The clustered regularly interspaced short palindromic repeat (CRISPR) system has been widely used to mediate genome editing in a variety of organisms and cell lines3. CRISPR/Cas9 protein–RNA complexes localize to a target DNA sequence through base pairing with a guide RNA, and natively create a dsDNA break (DSB) at the locus specified by the guide RNA. In response to DSBs, cellular DNA repair processes mostly result in random insertions or deletions (indels) at the site of DNA cleavage through non-homologous end joining (NHEJ). In the presence of a homologous DNA template, the DNA surrounding the cleavage site can be replaced through homology-directed repair (HDR). HDR competes with NHEJ during the resolution of DSBs, and indels are generally more abundant outcomes than gene replacement. For most known genetic diseases, however, correction of a point mutation in the target locus, rather than stochastic disruption of the gene, is needed to study or address the underlying cause of the disease4.

Motivated by this need, researchers have sought to increase the efficiency of HDR and suppress NHEJ. Despite recent progress (see Supplementary Information for a detailed discussion), current strategies to correct point mutations using HDR under therapeutically relevant conditions remain inefficient (typically ~0.1 to 5%)5,6, especially in unmodified, non-dividing cells. These observations highlight the need to develop alternative approaches to correct point mutations in genomic DNA that do not require DSBs.

We envisioned that direct conversion of one DNA base to another at a programmable target locus without requiring DSBs could increase the efficiency of gene correction relative to HDR without introducing an excess of random indels. Catalytically dead Cas9 (dCas9), which contains Asp10Ala and His840Ala mutations that inactivate its nuclease activity, retains its ability to bind DNA in a guide RNA-programmed manner, but does not cleave the DNA backbone7. In principle, conjugation of dCas9 with an enzymatic or chemical catalyst that mediates the direct conversion of one base to another could enable RNA-programmed DNA base editing.
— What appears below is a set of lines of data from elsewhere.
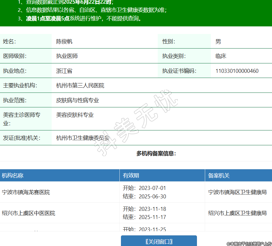 姓名:陳俊帆性別:男醫(yī)師級(jí)別:執(zhí)業(yè)醫(yī)師執(zhí)業(yè)類別:臨床執(zhí)業(yè)地點(diǎn):浙江省執(zhí)業(yè)證書編碼:110330100000460主要執(zhí)業(yè)機(jī)構(gòu):杭州市第三人民醫(yī)院執(zhí)業(yè)范圍:皮膚病與性病專業(yè)美容主診醫(yī)師專業(yè):美容皮膚科專業(yè)發(fā)證(批準(zhǔn))機(jī)關(guān):杭州市衛(wèi)生健康委員會(huì)多機(jī)構(gòu)備案信息:機(jī)構(gòu)名稱 有效期 備案機(jī)關(guān) 寧波市鎮(zhèn)海龍賽醫(yī)院 開始:2023-07-01結(jié)束:2025-06-30寧波市鎮(zhèn)海區(qū)衛(wèi)生健康局 紹興市上虞區(qū)中醫(yī)醫(yī)院 開始:2023-11-18結(jié)束:2025-11-17紹興市上虞區(qū)衛(wèi)生健康局 杭州市蕭山區(qū)第二人民醫(yī)院 開始:2023-11-25結(jié)束:2028-11-24杭州市蕭山區(qū)衛(wèi)生健康局 新昌縣中醫(yī)院 開始:2023-12-15結(jié)束:2026-12-01新昌縣衛(wèi)生健康局 永康市第一人民醫(yī)院 開始:2024-01-01結(jié)束:2025-12-31永康市衛(wèi)生健康局 杭州市臨平區(qū)中醫(yī)院 開始:2025-02-13結(jié)束:2025-12-31杭州市臨平區(qū)衛(wèi)生健康局 -
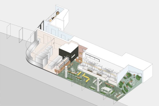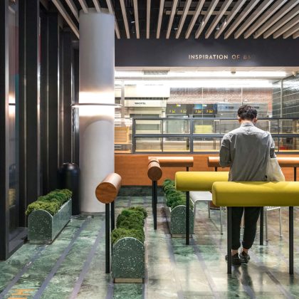 Hangzhou (Cina). La cultura del tè in Cina ha una storia millenaria, fatta di riti di grande bellezza, tramandati di generazione in generazione e consumati in un’atmosfera di lenta contemplazione. La cittadina di Hangzhou ricca di storia e di arte e un tempo considerata una delle sette capitali della Cina, è famosa per il suo tè Longjing, e per le sue splendide tea houses lungo il lago dell’Ovest dove è possibile degustare una tazza di tè secondo i riti tradizionali. In questo contesto la cultura del tè incontra il progetto di Heytea firmato dallo studio Nota architects: un panificio-pasticceria che trae ispirazione dalle piantagioni di tè che si trovano in montagna e che affianca ad una dimensione più dinamica una più meditativa e rilassante, offrendo anche l’opportunità di godere di una sosta piacevole e stimolante in un ambiente decisamente inusuale. Dall’esterno lo spazio sembra animato da una forte contemporaneità, ma al suo interno Heytea assume una connotazione decisamente più accogliente e invitante. La scelta dei materiali e delle tonalità di colore giocano appieno il loro ruolo primario e ricreano un’atmosfera più calda, fatta di elementi che evocano una naturalità propria dei giardini del tè.
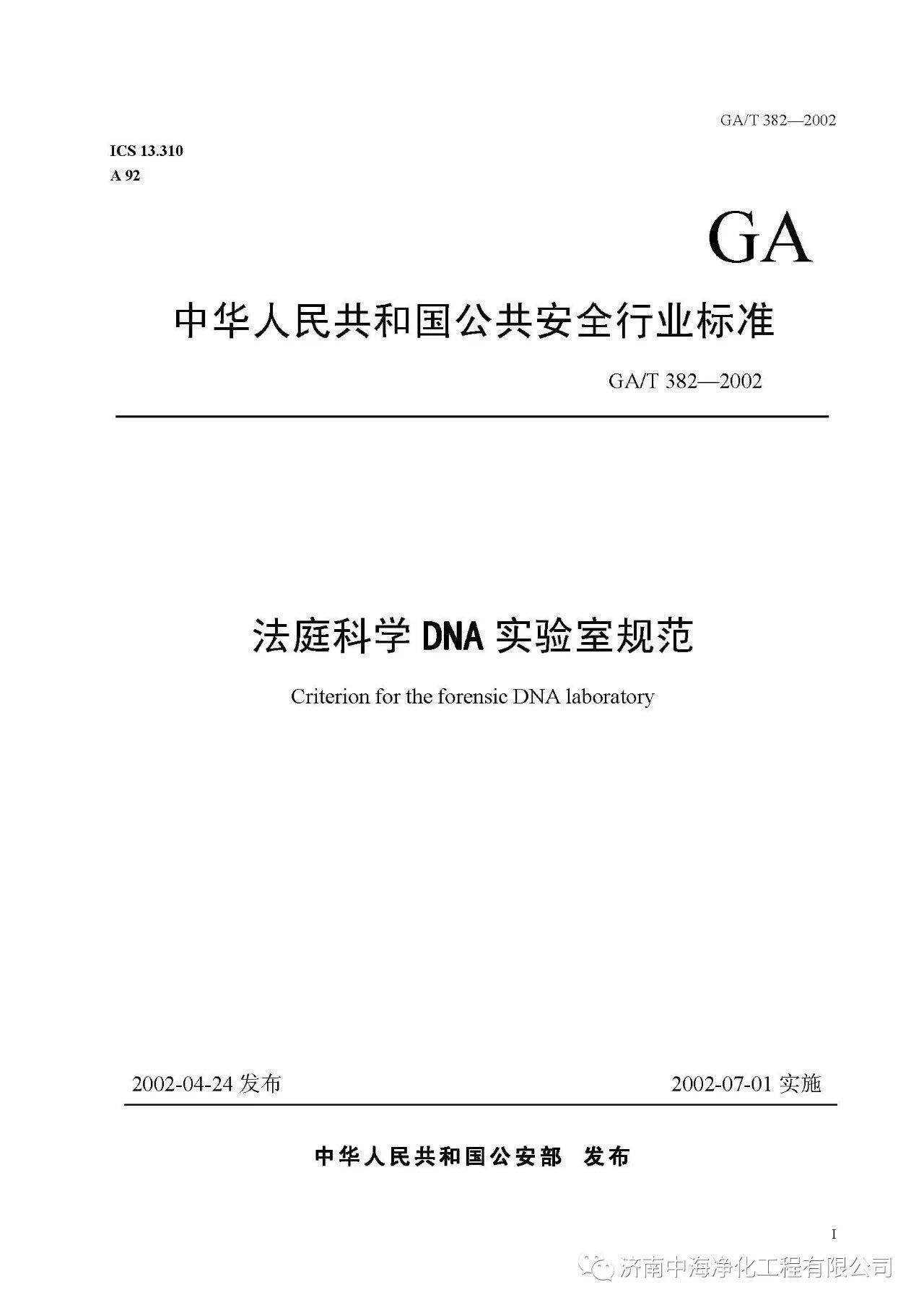 GA/T 382-2002 《法庭科学DNA实验室规范》
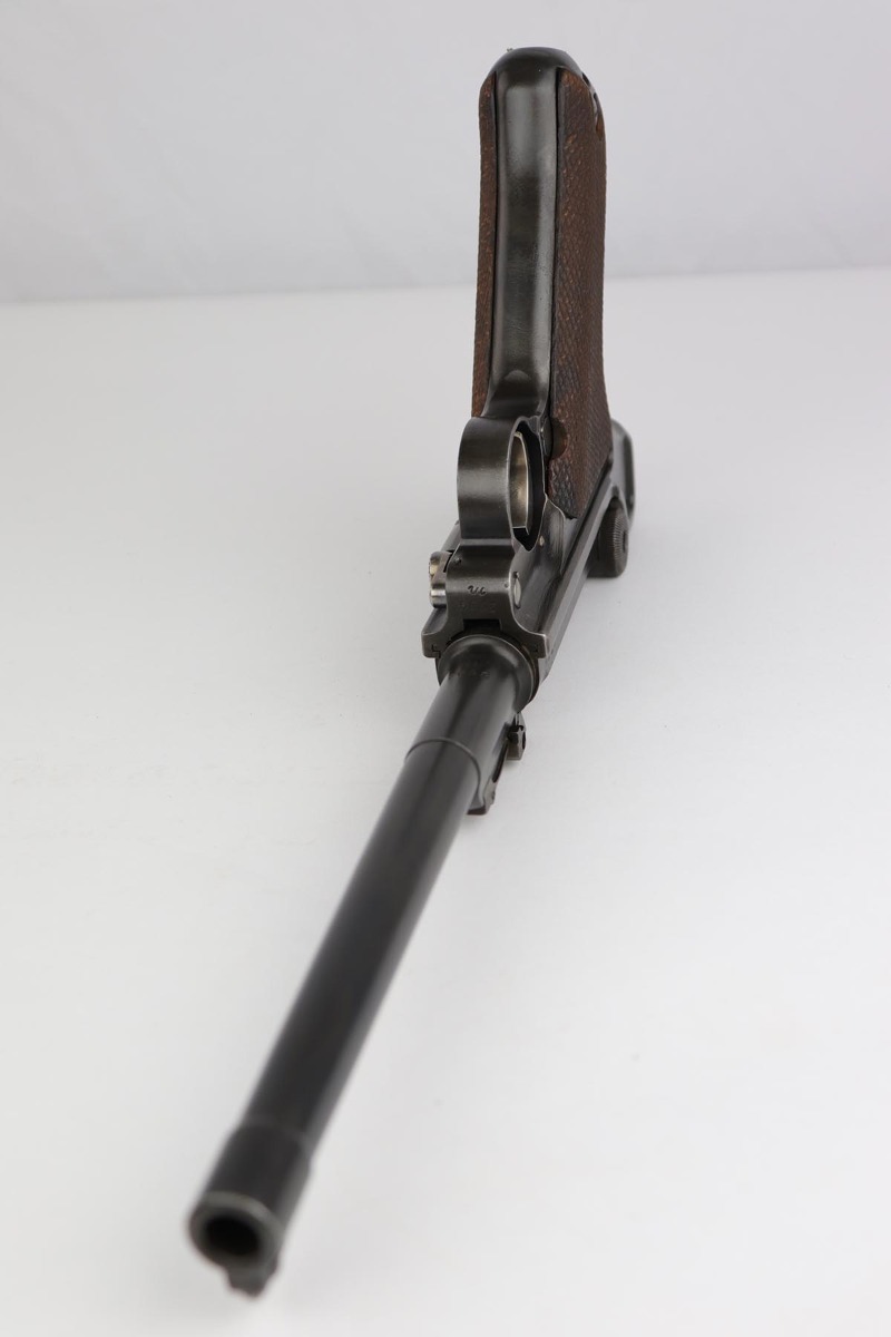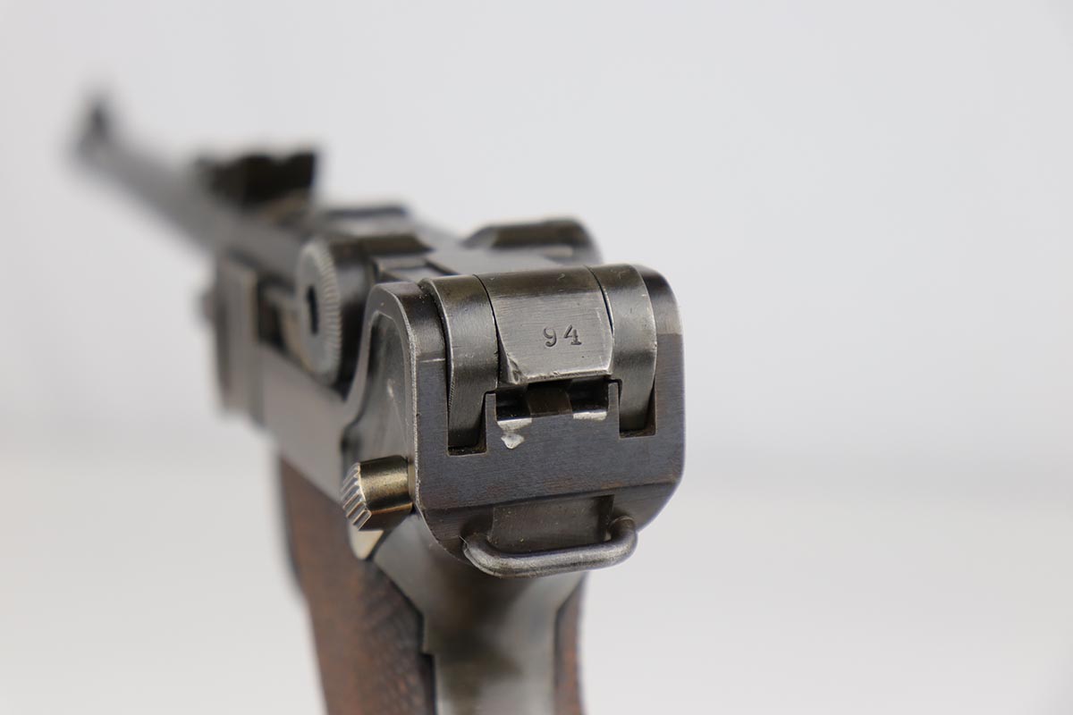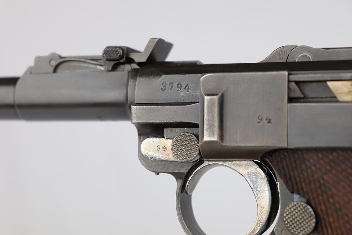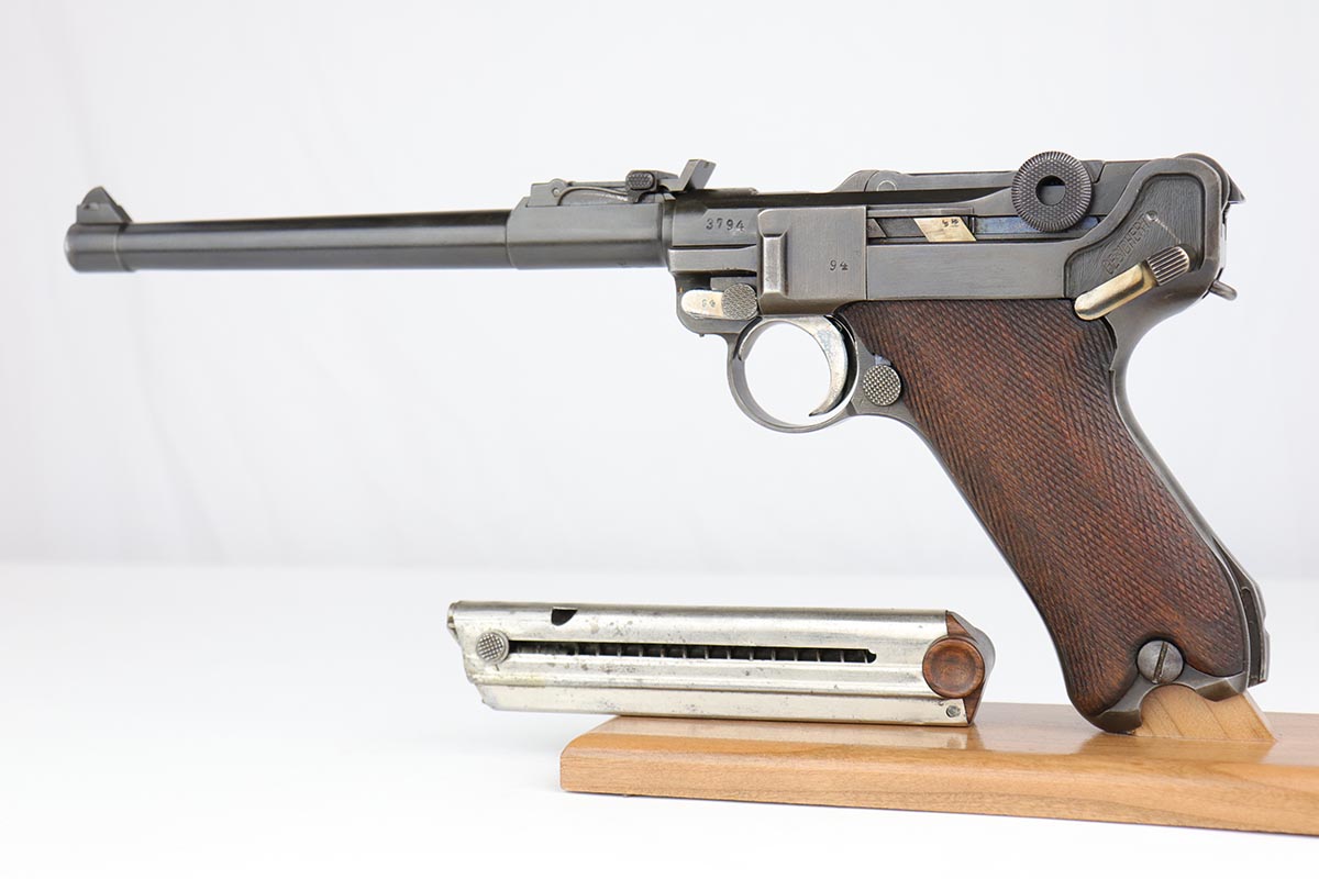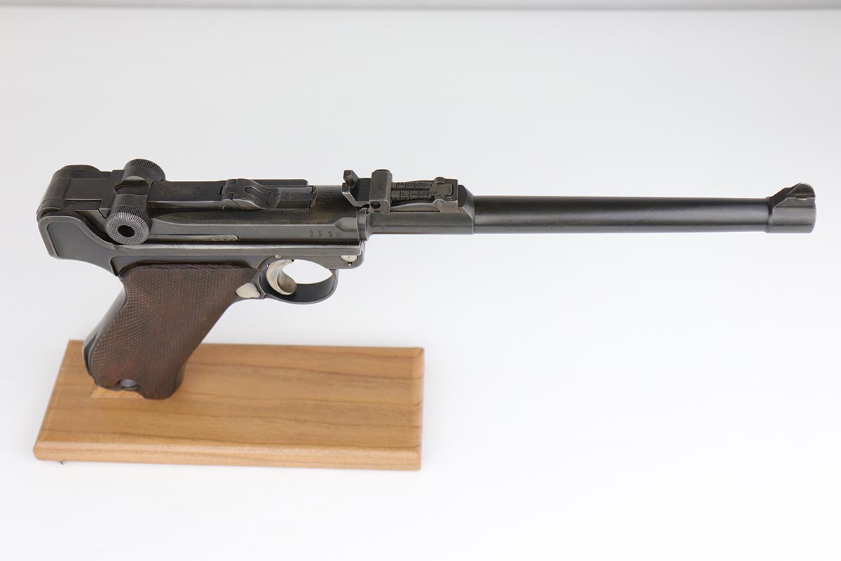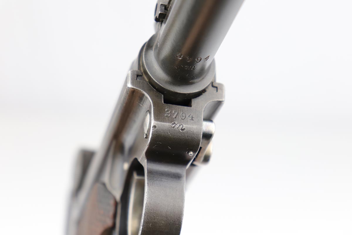 7/22/19 – This is a desirable DWM LP.08 or Artillery Luger from 1917. It is all matching numbers, including the grips. The bluing rates in the mid-90s but it is an old restoration, with patina that has set in on most areas of the pistol. There is some minor freckling under the finish in a few areas, mainly the barrel, but no notable pitting. The magazine is in excellent condition with blank wood bottom. The grips show some age and handling wear but are in very good condition overall. The bore shows minor frost throughout but good rifling and no corrosion. Good mechanics, so this one would make a good shooter, as well.

The deamination of cytosine (C) is catalysed by cytidine deaminases8 and results in uracil (U), which has the base-pairing properties of thymine (T). Most known cytidine deaminases operate on RNA, and the few examples that are known to accept DNA require single-stranded (ss) DNA9. Recent studies on the dCas9–target DNA complex reveal that at least nine nucleotides (nt) of the displaced DNA strand are unpaired upon formation of the Cas9–guide RNA–DNA ‘R-loop’ complex10. Indeed, in the structure of the Cas9 R-loop complex, the first 11 nt of the protospacer on the displaced DNA strand are disordered, suggesting that their movement is not highly restricted11. It has also been speculated that Cas9 nickase-induced mutations at cytosines in the non-template strand might arise from their accessibility by cellular cytosine deaminase enzymes12. We reasoned that a subset of this stretch of ssDNA in the R-loop might serve as an efficient substrate for a dCas9-tethered cytidine deaminase to effect direct, programmable conversion of C to U in DNA (Fig. 1a).

Figure 1: First-generation base editor (BE1) mediates specific, guide RNA-programmed C→U conversion in vitro. a, Base editing strategy. DNA with a target C (red) at a locus specified by a guide RNA (green) is bound by dCas9 (blue), which mediates local DNA strand separation. Cytidine deamination by a tethered APOBEC1 enzyme (red) converts the single-stranded target C→U. The resulting G:U heteroduplex can be permanently converted to an A:T base pair following DNA replication or DNA repair. b, Deamination assay showing a BE1 activity window of approximately five nucleotides. Samples were prepared as described in the Methods. Each lane is labelled according to the position of the target C within the protospace, or with ‘–’ if no target C is present, counting the base distal from the PAM as position 1. c, Deamination assay showing the sequence specificity and sgRNA-dependence of BE1. The DNA substrate with C at position 7 in b was incubated with BE1 and the correct sgRNA, a mismatched sgRNA or no sgRNA. The positive control sample used a synthetic DNA substrate with a U at position 7. For uncropped gel data, see Supplementary Figure 1. Full size image Download PowerPoint slide

Four different cytidine deaminase enzymes (human AID, human APOBEC3G, rat APOBEC1, and lamprey CDA1) were evaluated for ssDNA deamination. Of the four enzymes, rat APOBEC1 showed the highest deaminase activity under the conditions tested (Extended Data Fig. 1a). Fusing rat APOBEC1 to the amino terminus, but not the carboxy terminus, of dCas9 preserves deaminase activity (Extended Data Fig. 1a). We expressed and purified four rat APOBEC1–dCas9 fusions with linkers of different length and composition (Extended Data Fig. 1b), and evaluated each fusion for single guide RNA (sgRNA)-programmed dsDNA deamination in vitro (Fig. 1b and Extended Data Fig. 1c–f).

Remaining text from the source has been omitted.